基于全局-局部特征融合的广义监督对比学习微表情识别

微表情（micro -expression, MEs）是指在情感唤起事件发生后迅速出现的、难以抑制的瞬间面部表情，它们可以揭示一个人的真实感受和情绪。微信具有自发性和短暂性，为情感分析提供了独特的视角。然而，它们的微妙和短暂性，加上现有数据集的稀缺性和缺乏多样性，给判别特征学习和模型泛化带来了很大的挑战。为了解决这些问题，本文提出了一种新的微表情识别框架。该框架将残差块与视觉变换（RVT）相结合，形成特征融合网络，可以在多层图像中捕捉局部细节并整合全局上下文信息。在此基础上，提出了一种广义监督对比学习（GSCL）策略，将传统的单热标签转化为混合标签。该策略接着比较混合标签和锚点之间的相似度，目的是最小化标签相似度和潜在相似度之间的交叉熵。该方法旨在优化不同MEs之间的语义空间度量，增强模型的特征学习能力。此外，我们提出了一种基于属于同一类别的样本的局部特征，通过区域替换来增强数据的方法。该方法与广义监督对比学习框架协同工作，目的是解决微表情（ME）数据可用性有限的问题。最后，我们对单数据库评估（SDE）和复合数据库评估（CDE）协议进行了一系列实验，获得了最优或接近最优的结果。我们还提供了充分的可解释分析，以证明我们提出的方法的优越性和有效性。

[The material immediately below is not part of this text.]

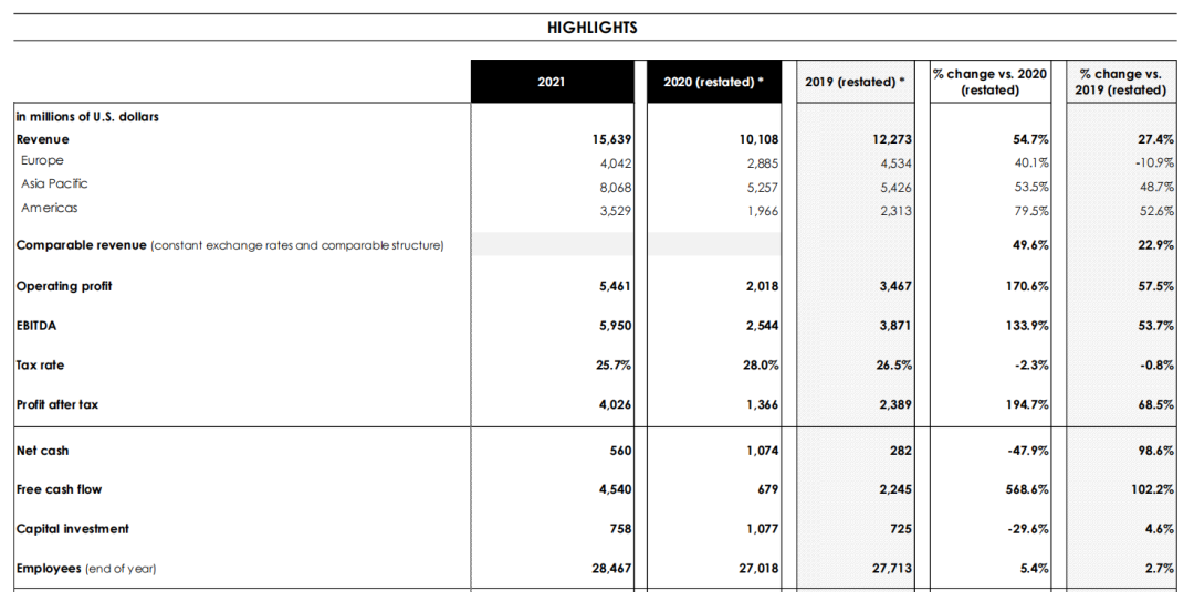 ▍截自香奈兒2021年財報

本文章由计算机程序翻译，如有差异，请以英文原文为准。

求助全文

约1分钟内获得全文求助全文

来源期刊

Pattern Recognition Letters 工程技术-计算机：人工智能

CiteScore

12.40

自引率

5.90%

发文量

287

审稿时长

9.1 months

期刊介绍： Pattern Recognition Letters aims at rapid publication of concise articles of a broad interest in pattern recognition. Subject areas include all the current fields of interest represented by the Technical Committees of the International Association of Pattern Recognition, and other developing themes involving learning and recognition.